The Bain re-trial is a disaster on many fronts. I’ve seen one estimate of a $10m cost to the Crown but a bigger cost may never be recognised.
So far as can be told from the published media selections some police have been humiliated during the drawn-out cross-examination on investigatory procedures. The defence feasted on apparent slip ups and short cuts recalled from so many years ago. That feasting will have current detectives resolving not to risk ending their careers similarly, to do things more by the book, however tedious and unnecessary it may seem.
Police resources will not necessarily increase correspondingly. That means more cases not investigated, and more distraught victims seeing no remedy for the wrong done to them. It is not clear that text-book processes will reduce the risk of miscarriages of justice. More care may just give the appearance of more certainty without changing the underlying uncertainties.
Police practices do change in response to court criticism. We’re all paying the price for criticism of a bungled investigation of a traffic death in Southland many years ago. The Police close roads and imperviously hold up thousands of commuters for hours as they meticulously photograph and measure at smash scenes. They resist questioning about the relative costs and benefits of grinding away looking for someone to charge for an accident where there is no question of hurtful intent.
Among other unmeasured costs is the loss of mutual willingness by parties in an accident to apologise immediately, irrespective of who is most to blame. We’ve all suffered loss as civility and candour have become only for mugs when prosecution usually follow inadvertence.
Meanwhile, a few blocks away, deliberate evildoers could be operating knowing the police rarely respond in time to catch them redhanded. Burglars and their victims expect the police to call the next day, if at all. When did we decide that an accident should merit millions of dollars in investigatory cost (including the time of the people held up) while calculated crime gets a "sorry we’re busy"?
The Bain retrial is an exhibition of blind self importance in the justice establishment, and its consequent immunity to considerations of cost against benefit.
Bain has already served whatever sentence he is likely to get. The only purpose the re-trial can serve is to vindicate our Police and Courts. From the published accounts of the trial to date I believe that possibility may have already gone. Enough doubt has been cast on the prosecution process to sustain the faith of the Bain supporters however flimsy the foundation, and similarly there will be enough for the other side to revive the fervour of those who support the convictions.
I hope the Solicitor General’s decision to spend this $10m was not just an attempt to show that the Privy Council got it wrong. Whatever it was at the end of all this self indulgence there could be just as many believing the system fails the innocent as when they started.

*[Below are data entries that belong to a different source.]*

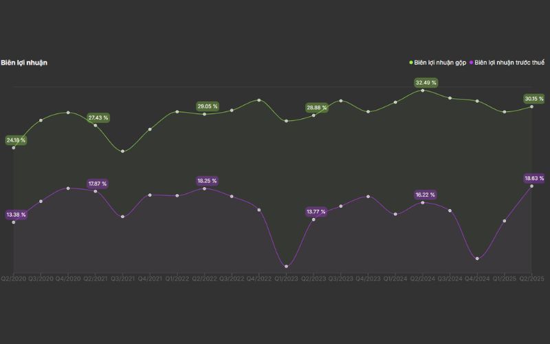 Biên lợi nhuận gộp đạt 30.15% và biên lợi nhuận trước thuế đạt 18.63%.
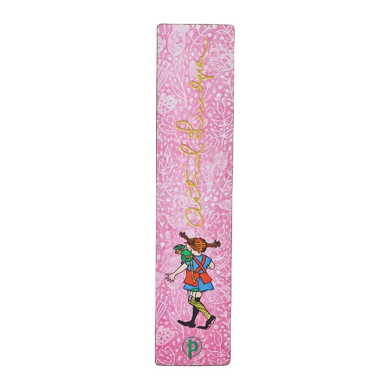 The Paperblanks Pippi Longstocking bookmark, measuring 40 x 185 mm, is an elegant and functional accessory inspired by the famous literary character. Crafted with Paperblanks'- signature quality, it features an attractive design that celebrates the originality and vivacity of Pippi Longstocking. Perfect for keeping track of your favorite reads, this bookmark combines practicality and style, making it an ideal gift for book lovers and lovers of children'-s classics.
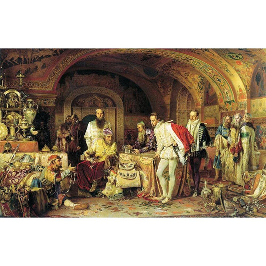 Ivan the Terrible Showing His Treasury to Jerome Horsey Black Modern Wood Framed Art Print with Double Matting by Litovchenko, Alexander
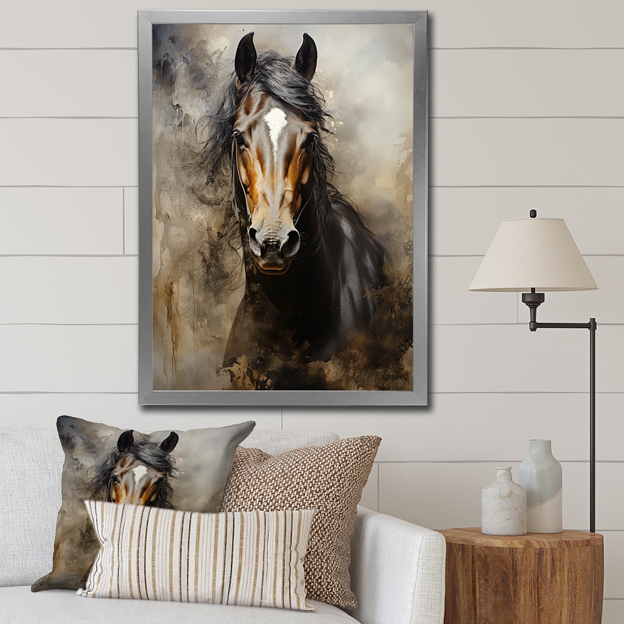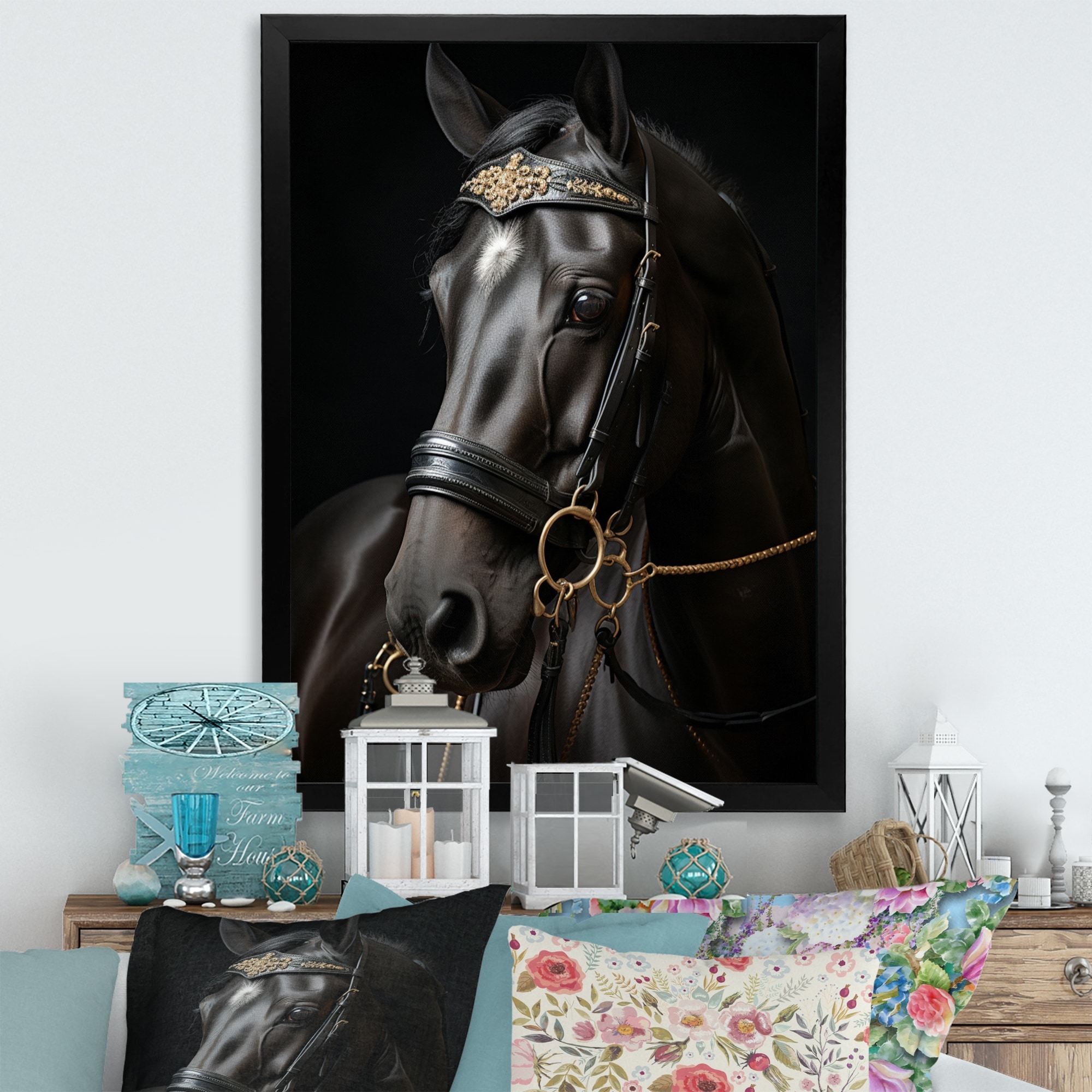 Designart "Black Gold Horse Golden Equestrian I" Animals Horse Framed Wall Art Living Room
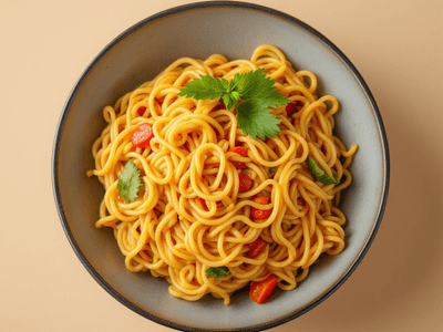 Mamee Curry Noodles are a beloved Malaysian lunch staple, offering a comforting bowl of spicy, aromatic noodles steeped in a rich curry broth. Originating from the vibrant multicultural food scene of Malaysia, this dish draws inspiration from Malay, Chinese, and Indian culinary traditions. The combination of fragrant spices, santan (coconut milk), and locally sourced vegetables like taugeh (bean sprouts) and daun limau purut (kaffir lime leaves) creates a uniquely Malaysian flavor profile. The Mamee brand is iconic in Malaysia, symbolizing the country’s love for instant noodles, but homemade versions elevate the dish by using fresh, wholesome ingredients. Malaysians enjoy Mamee Curry Noodles for its bold taste and versatility—whether served for lunch at hawker stalls or prepared at home for family gatherings. The curry base is enhanced with lemongrass, turmeric, and chilli, reflecting the region's passion for vibrant spices. This healthy, vegetarian adaptation uses nutrient-rich vegetables and wholegrain noodles, making it a guilt-free option for calorie-conscious eaters. With its spicy kick and creamy santan, Mamee Curry Noodles epitomize the warmth and hospitality of Malaysian cuisine, perfect for anyone seeking authentic flavors and a nourishing meal.
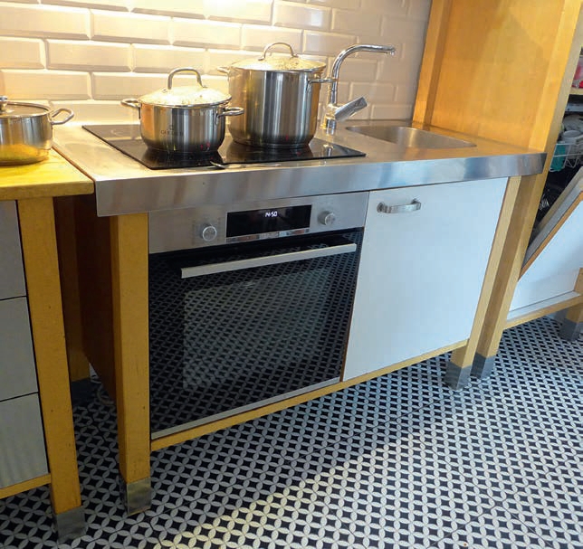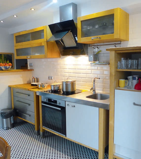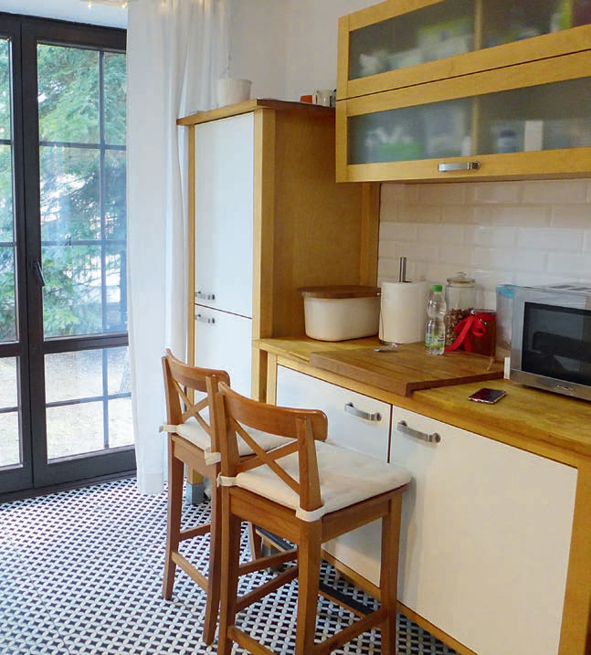 Oryginalne wykończenie i wyposażenie podkreśliło te atuty, a ostatnio przeprowadzony remont dodał jej jeszcze klasy. Podstawą wyposażenia jest nietypowa zabudowa kuchenna – to wolno stojące szafki, które mimo okazałych gabarytów mają dość lekki wygląd. Każdy moduł jest osobnym funkcjonalnie stanowiskiem pracy, wyposażonym we własny blat. Mimo upływu lat design szafek przetrwał próbę czasu – meble wciąż zachwycają oryginalnością i nadają kuchni indywidualny charakter. Szafki odznaczają się też solidnym wykonaniem – to również powód, dla którego podczas remontu kuchni właściciele postanowili ich nie wymieniać. Pod młotek natomiast poszły ściany i posadzka. Wybór nowych okładzin nie był łatwy – ujawnił mocno odmienne gusta domowników.
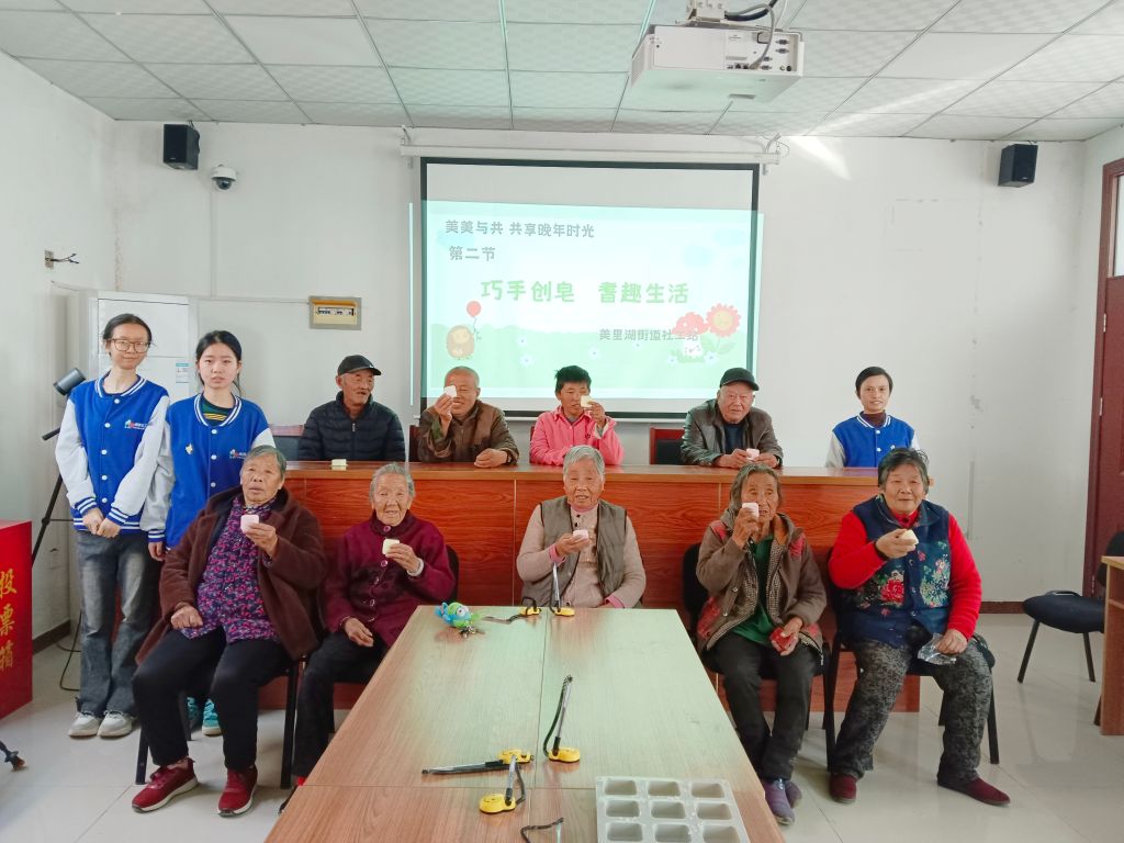 为丰富农村留守老人的晚年生活,增进老人之间的情感交流。10月24日美里湖街道社工站赴北王村幸福院,面向10余名农村留守老人开展《美美与共,共享晚年时光——农村独居老年人精神关爱小组》第二节:巧手创皂,耆趣生活主题活动。
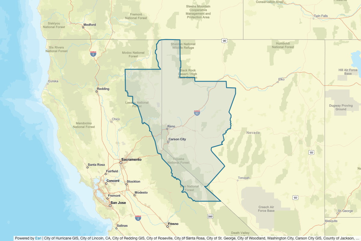This includes Churchill, Esmeralda, Mineral, Storey, Mono, Sierra, Fresno, Tuolumne, Madera, Nevada, Alpine, El Dorado, Placer, Inyo, Douglas, Lyon, Carson City, Nye, Humboldt, Pershing, Harney, Plumas, Lassen, Modoc, Shasta, Washoe, Lander, and Lake
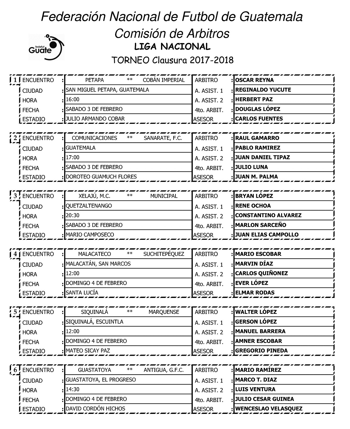 LIGA NACIONAL / NOMBRAMIENTOS ARBITRALES QUINTA JORNADA - TORNEO CLAUSURA 2018
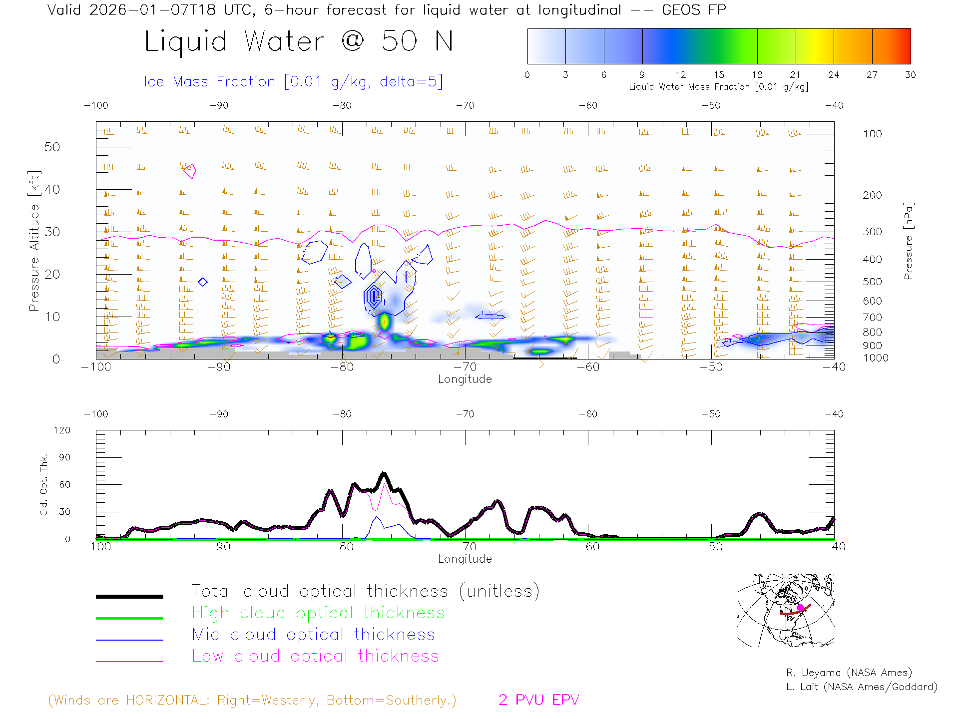 GEOS Forecast Cloud Water Content X-Section (50 N)
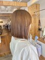 ブリーチなしコーラルブラウンカラー切りっぱなし外はねボブ岡山
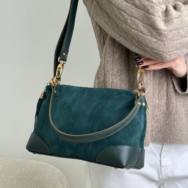 Сумочка насыщенного смарагдового цвета из натуральной замши — стильный и практичный аксессуар для современного образа. Модель имеет три основных отделения, в центральном из которых предусмотрены два дополнительных кармана — открытый и на замке для мелочей. Сзади расположен внешний карман на молнии для быстрого доступа. Для удобства ношения предусмотрены два ремня: короткий для руки и длинный, регулируемый для ношения на плече или через плечо. Декоративная кисточка дополняет образ, а золотая фурнитура подчеркивает элегантность модели. Приобрести эту сумочку можно в нашем магазине — стиль и комфорт для современной женщины.
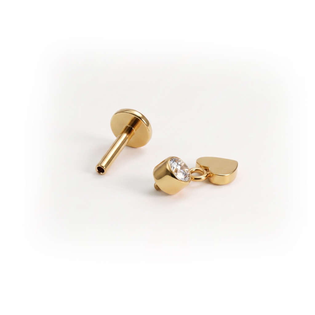 Este realizat din titan, așa că este hipoalergenic, rezistent la apă și suficient de durabil pentru purtare zilnică. Filetul intern face inserarea lină și fixarea sigură, ca să rămână exact unde trebuie. Are spate plat și este conceput pentru piercinguri conch, helix, lobe sau tragus.
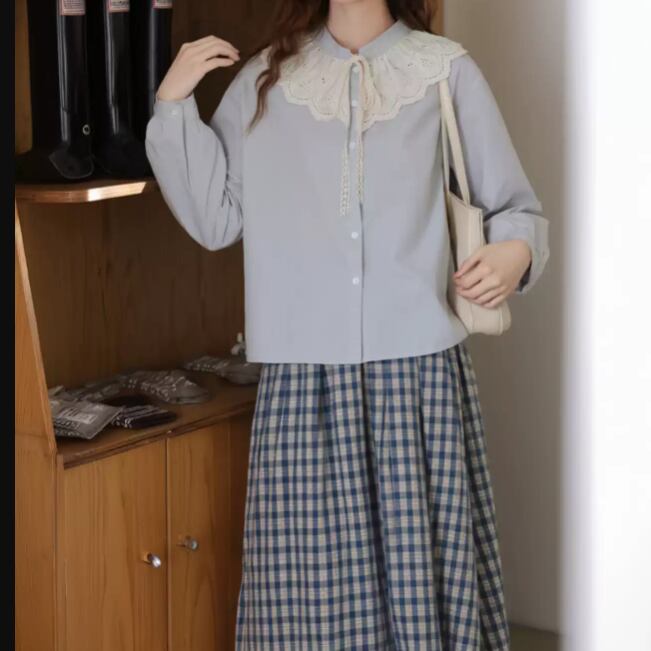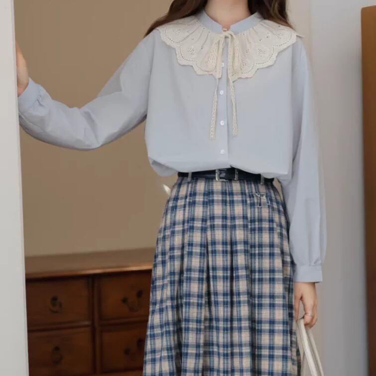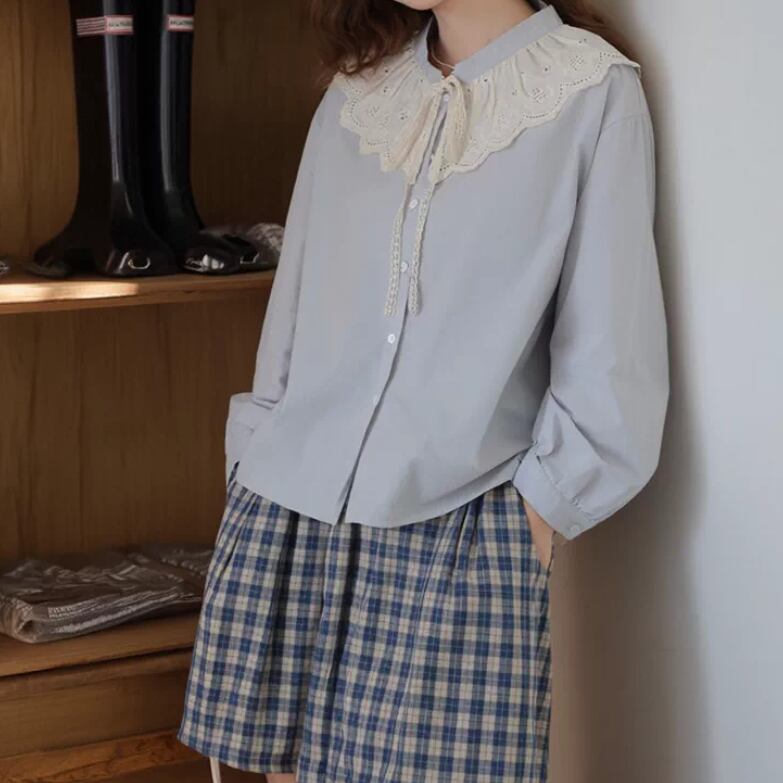 3色/レースネックコットンブラウス ・9297

So the Crown has lost already even if it secures a fresh conviction. The Attorney General, as a new broom, should call the prosecution off now, if he constitutionally can. It would be a dramatic demonstration that justice decisions too must show objectives worth pursuing when vast resources are committed.
The $10m is not the only cost of the countless police hours on the case.
The Elliotts, who lost their daughter Sophie to her murdering economics lecturer in 17 months ago, still have not had the closure of a trial. Police who should have been free for that case have been tied up in the Bain folly.
Surely there can be only one question – was Clayton Weatherston sane? Our system does not have the wit to discourage a plea of insanity, or the courage to question whether it should still be a defence. It mattered when we had the automatic death penalty for guilt of murder. Without that penalty the verdict, ‘not guilty by reason of insanity’ should have long ago become “guilty but insane”. The difference should lie only in whether they were detained in a hospital or a prison.
Many justice insiders believe that what they do is sacred. They are sincere,and it is important. But they are not challenged as they should be.
“Bain has already served whatever sentence he is likely to get. ”
Personally, I suspect he’ll be found guilty – does this mean he’s likely to walk free either verdict?